The workshop was organised around four recurring themes in the discussion of East Asia international and security politics, namely the idea of an ongoing power shift or power transition and the consequences which it is generating, the problem of historical memories and their impact on current political arrangement, the question of nuclear weapons, arms control and disarmament, and finally the explorations of ways to build confidence in the region, ideally by means of established rule-based international institutions and organisations.
Those themes constituted the rationale behind the breakdown of the discussions into four sessions, respectively entitled Interpreting the Crisis: Security Dilemma and Power Transition (Session I), The Past and the Present: War Memories and Territorial Disputes (Session II), Nuclear Proliferation and the Future of Arms Control (Session III) and Proposals for Building Peace (Session IV).
As mentioned above, and in the light of the SSU's mission to disseminate in the broader public ideas and information related to ongoing international political debates, the workshop has been integrated by a public debate entitled Crisis in East Asia, in which Professor Kiichi Fujiwara (SSU, University of Tokyo), Professor Zhu Feng (Beijing University), Professor Gareth Evans (Australia National University), and Professor G. John Ikenberry (Princeton University) have discussed the current situation and the possible trajectories for the attainment of a safer international environment in this region of the globe.
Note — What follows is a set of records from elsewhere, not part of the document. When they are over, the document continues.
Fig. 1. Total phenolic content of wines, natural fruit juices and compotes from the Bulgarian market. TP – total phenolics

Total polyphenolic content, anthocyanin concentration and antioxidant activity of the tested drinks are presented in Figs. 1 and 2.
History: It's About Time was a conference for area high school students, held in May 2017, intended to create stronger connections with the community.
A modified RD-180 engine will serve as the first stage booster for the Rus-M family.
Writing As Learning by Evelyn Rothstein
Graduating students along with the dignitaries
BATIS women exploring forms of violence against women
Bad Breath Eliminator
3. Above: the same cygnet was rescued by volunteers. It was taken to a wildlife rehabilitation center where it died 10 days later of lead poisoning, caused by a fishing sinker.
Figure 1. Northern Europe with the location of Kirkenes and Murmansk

Overall, the workshop has delivered important reflections on a number of central issues which remain unresolved. As highlighted several times by a number of participants, the North Korea security question remains one of the most important uncertainties, which has also the effect of worsening a difficult diplomatic context in which mutual trust is already difficult to achieve. Not only in fact the question of stability in the Korean peninsula is vital for the Republic of Korea (ROK), but it has implications for the relations between the ROK and China, China and Japan, China and US. Because of the military implications of the North Korean threat to regional security, it is difficult to advance dialogue on a score of outstanding issues, particularly regarding nuclear security and arms control.
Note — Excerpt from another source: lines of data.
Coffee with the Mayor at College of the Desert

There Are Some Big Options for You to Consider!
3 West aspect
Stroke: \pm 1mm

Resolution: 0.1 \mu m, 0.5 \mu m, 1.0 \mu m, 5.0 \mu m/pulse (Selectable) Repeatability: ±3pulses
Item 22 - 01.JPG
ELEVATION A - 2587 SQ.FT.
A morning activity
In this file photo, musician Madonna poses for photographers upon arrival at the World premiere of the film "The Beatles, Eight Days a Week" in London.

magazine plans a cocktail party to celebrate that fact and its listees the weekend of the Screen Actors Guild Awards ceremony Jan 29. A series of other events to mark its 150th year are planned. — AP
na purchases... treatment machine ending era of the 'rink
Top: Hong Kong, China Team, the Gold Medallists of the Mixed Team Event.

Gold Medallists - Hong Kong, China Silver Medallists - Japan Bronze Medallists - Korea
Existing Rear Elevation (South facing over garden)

The problem of suboptimal or even deteriorating interstate relations in East Asia has continuously re-emerged, being variously framed as a product of geostrategic tensions and/or of domestic (nationalistic) pressure faced by political leaders in the respective countries when it comes to possible reconciliation moves towards what is sometimes perceived to be a historical competitor or adversary. This is especially evident on the question of war memories, and of territorial disputes. Within this diplomatically strained atmosphere, it has become increasingly difficult for political leaders to meet, and consequently to build the level of mutual confidence and trust, even at personal level, which is often at the basis of major breakthroughs for the success of negotiations and the improvement of bilateral relations.
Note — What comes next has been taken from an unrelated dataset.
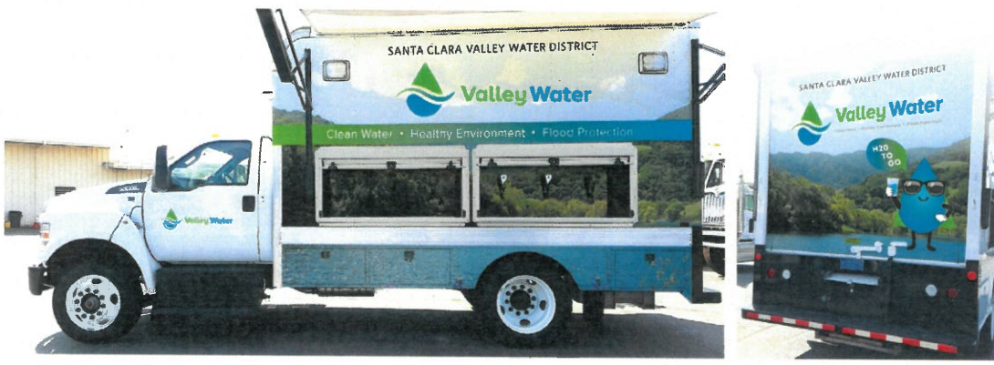
Previously approved water truck design
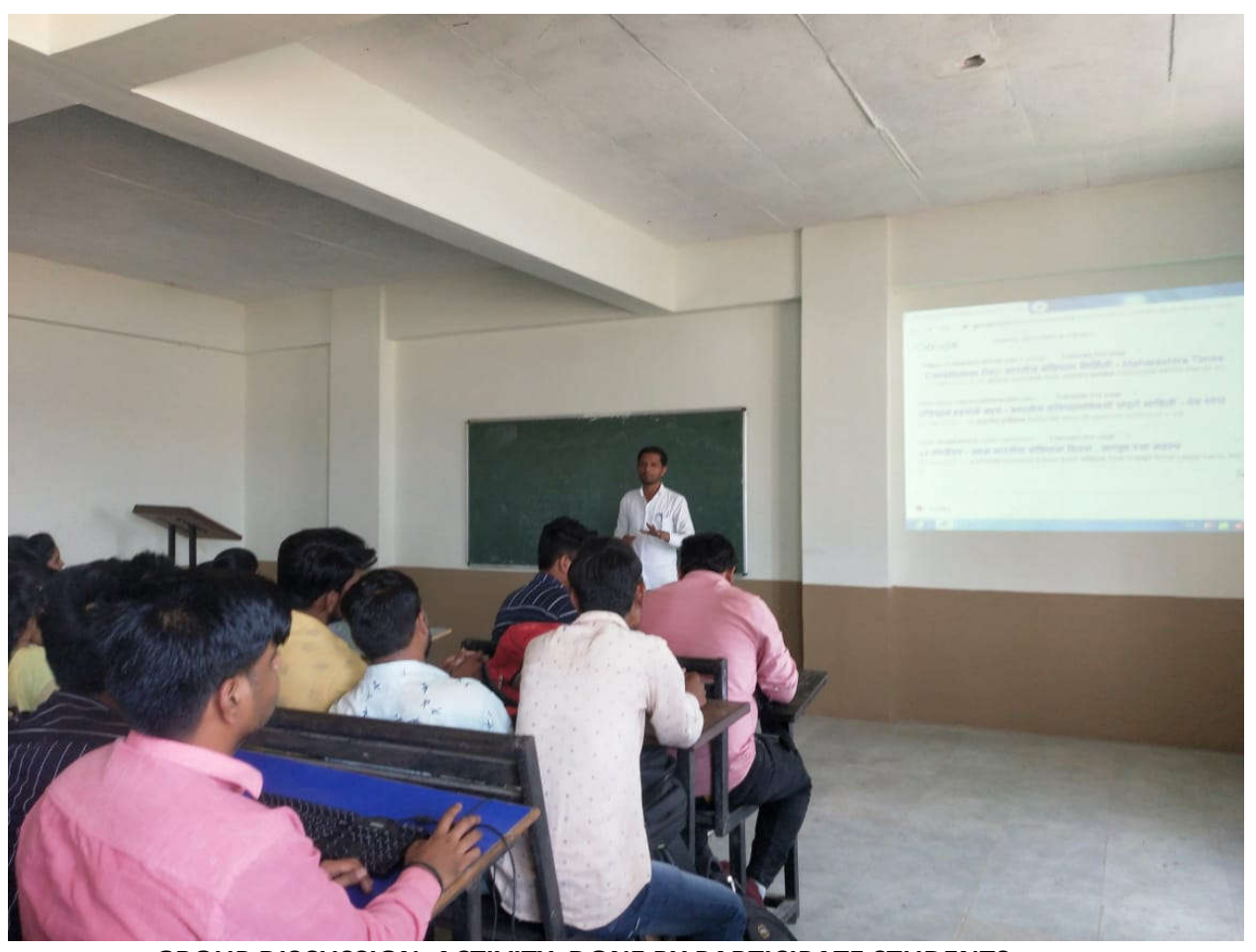
GROUP DISCUSSION ACTIVITY DONE BY PARTICIPATE STUDENTS

Finally, the issue of power transition or power shift in the East Asian region has been analysed and discussed from a number of different academic and diplomatic perspectives. On the one hand, the emergence of China as the new centre of gravity for the region offers risks and opportunities. In some analyses, China appears to have profited from a liberal global order which has not created nor contributed to in terms of its maintenance, and it is time for Beijing to assume a more direct involvement in global governance along the rules and institutions of that established liberal order. In doing so, China should also be preoccupied not only with the growth of its power, with also with the improvement of its international reputation. On the other hand though, the present self-perception and future trajectory of China appear to be rather uncertain, given the extremely rapid transformation of the country in a relatively short time, whereby the political-cultural change which is needed to manage this very transformation seems to be lagging behind China's already acquired great power status.
The workshop, which was extremely successful also with the regard to a quickly established atmosphere of cordiality among its participants, has in essence delivered a picture of the East Asia's international situation as characterised by numerous risks and in need of a generalised effort for the re-establishment, first and foremost, of a more cooperative relation among national leaderships.